One benefit of using likelihood-based methods is that an approximate covariance matrix is available from the matrix of second derivatives evaluated at the ML solution. This covariance matrix is valid asymptotically and can be unreliable in small samples.
Here the variance component estimates for B and the Error are negatively correlated, and the elements for Var(a*b) are set to zero because the estimate equals zero. Also, the very large variance for Var(b) indicates a lot of uncertainty about the estimate for Var(b), and one contributing explanation is that B has only two levels in this data set.

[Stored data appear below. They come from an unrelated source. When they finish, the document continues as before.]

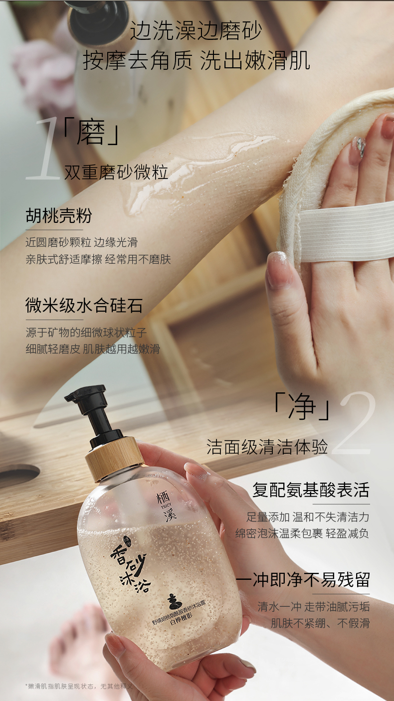 栖溪·野境胡桃烟酰胺香砂沐浴露,沐浴磨砂二合一,抛光皮肤,清理顽固废角质和污垢【G】
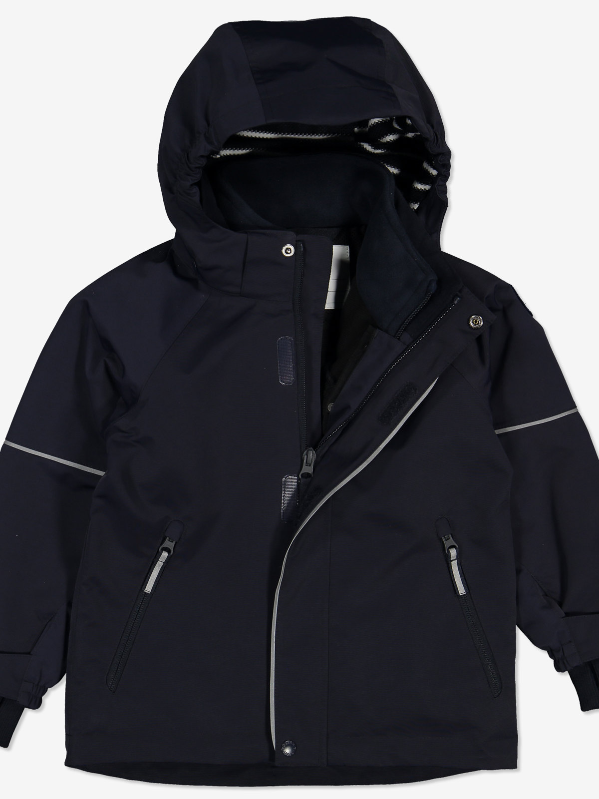 Tuulen- ja vedenpitävä kuoritakki, joka kestää hyvin kulutusta. Takki on kulutusta kestävää materiaalia, joka myös hengittää hyvin. Takissa on raidallinen verkkovuori ja irrotettava huppu, jossa on nepparikiinnitys. Säädettävässä hupussa on sivuilla kuminauhat. Takin joustavia hihansuita voi säätää tarranauhoilla, ja muotoillut hihat takaavat hyvän istuvuuden. Täysin teipatut saumat tekevät takista täysin vedenpitävän. Vetoketjun ulko- ja sisäpuolella on tuulisuoja, joka antaa lisäsuojaa kylmyyttä ja kosteutta vastaan. Tuulisuojan yläosassa on pehmeä fleecevuori. Kuoritakin ainutlaatuisen nepparilistan avulla se on kiinnitettävissä windfleeceemme. Kerros 3 – lämpimänä pitävä ja säältä suojaava ulkokerros
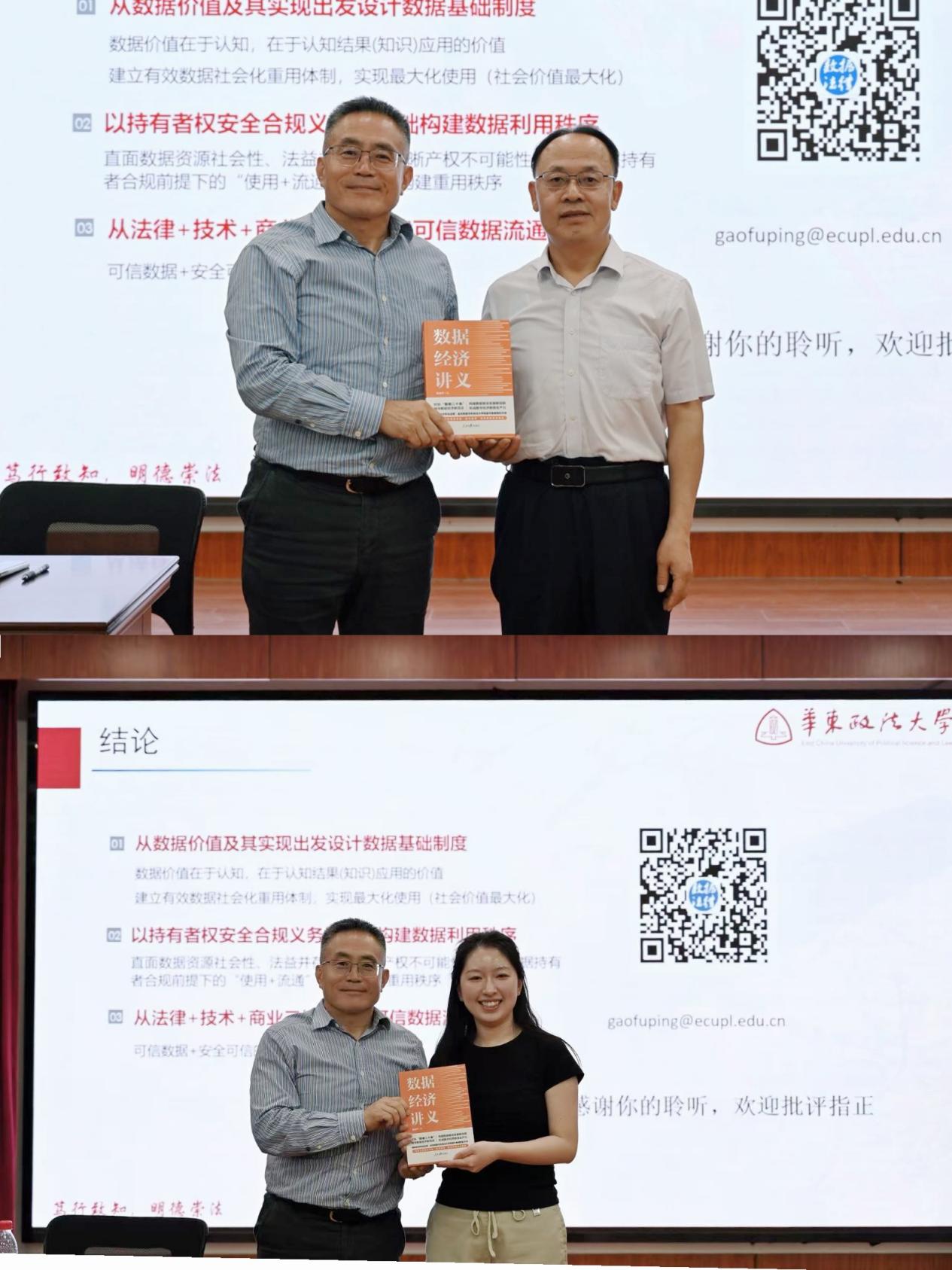 讲座尾声,高富平还向太阳成集团tyc9728以及现场一位提问的硕士研究生分别赠予了其研究数据法的专著,勉励大家深入研究。

Finally, the following statements use the restricted maximum likelihood (REML) for estimation. They produce Output 108.1.4.
proc varcomp method=reml data=a; class a b; model y=a|b / fixed=1; run;
Output 108.1.4: VARCOMP Procedure: Method=REML
REML Iterations | ||||
---|---|---|---|---|
Iteration | Objective | Var(b) | Var(a*b) | Var(Error) |
0 | 63.4134144942 | 1269.52701 | 0 | 91.5581191305 |
1 | 63.0446869787 | 1601.84199 | 32.7632417174 | 76.9355562461 |
2 | 63.0311530508 | 1468.82932 | 27.2258186561 | 78.7548276319 |
3 | 63.0311265148 | 1464.33646 | 26.9564053003 | 78.8431476502 |
4 | 63.0311265127 | 1464.36727 | 26.9588525177 | 78.8423898761 |
The "REML Iterations" table in Output 108.1.4 shows that the REML optimization requires four iterations to converge.
The REML estimates in Output 108.1.4 are all larger than the corresponding ML estimates (adjusting for potential downward bias) and are fairly similar to the Type I estimates.
The "Asymptotic Covariance Matrix of Estimates" table in Output 108.1.4 shows that the Error variance component estimate is negatively correlated with the other two variance component estimates, and the estimated variances are all larger than their ML counterparts.